The archdiocese said it cut the operating loss of its central administration to $2 million in fiscal 2007, narrower than the $9 million loss in fiscal 2006. But the archdiocese said it expects to lose $4 million in 2008 and $2 million in fiscal 2009, before balancing its budget in 2010.
O'Malley had also wanted every parish to disclose its finances, which are accounted for separately from the central administration, by November 2006, but that has proven so difficult that the archdiocese no longer is predicting when that goal might be achieved.
Some parishes are currently reporting their finances annually, but the reports are not published centrally by the archdiocese. The archdiocese said it is hoping to hold workshops this fall to help more parishes learn how to do annual reports.

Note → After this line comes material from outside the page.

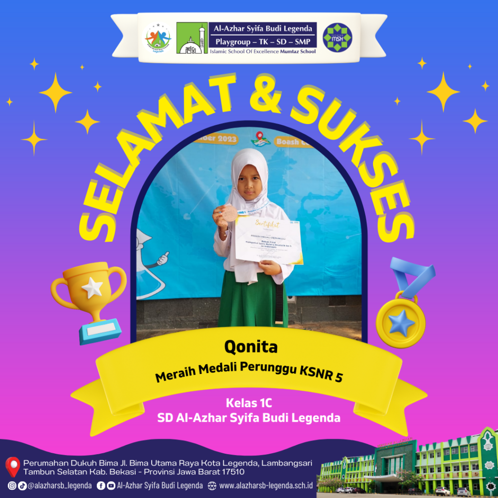 Selamat kepada Ananda Qonitanavi, Ananda Reitaka, M.Abdan, Gyasi, serta seluruh peserta yang telah berpartisipasi dalam KSNR 5. Semangat dan prestasi kalian adalah sumber inspirasi bagi seluruh siswa dan guru di SD Al-Azhar Syifa Budi Legenda Bekasi. Semoga keberhasilan ini akan menjadi dorongan untuk meraih prestasi yang lebih tinggi lagi di masa depan. 👏👏🎉🎉

The total assets of the archdiocese, including the property and the investments of the central administration and the parishes, came to $456 million at the close of fiscal 2007, up 17 percent over the previous year.
"The bottom line is that the financial health of the archdiocese is improving," said the Rev. Richard M. Erikson, vicar general of the archdiocese. Erikson said the archdiocese, as symbolized by renaming its headquarters a pastoral center, rather than the more bureaucratic sounding chancery, is trying to ensure that its administration is focused on serving parishes, schools, and other Catholic agencies.
"The improved health is an indication of us becoming more mission-focused," he said.
The archdiocese's financial troubles began in large part with the clergy sexual abuse scandal that erupted in 2002. According to the church's annual reports, the archdiocese had spent $136 million by last summer to settle claims by 1,015 people who said they were abused by Boston priests.
Archdiocesan spokeswoman Kelly Lynch said the archdiocese now faces about 70 remaining claims from people who say they were abused by priests, down from about 130 outstanding claims a year ago.
The abuse settlements have been paid through property sales, particularly of the Brighton headquarters, and insurance payments.
But the scandal also had an impact on the overall health of the archdiocese by diminishing its fund-raising capacity, and by leading to increased public scrutiny of archdiocesan management.
The archdiocese said that it is seeking to increase the role of laypeople in overseeing church finances. It said that a group of laypeople will now oversee the church's investments and that the archdiocesan finance council will have a strengthened role under a new charter for that panel.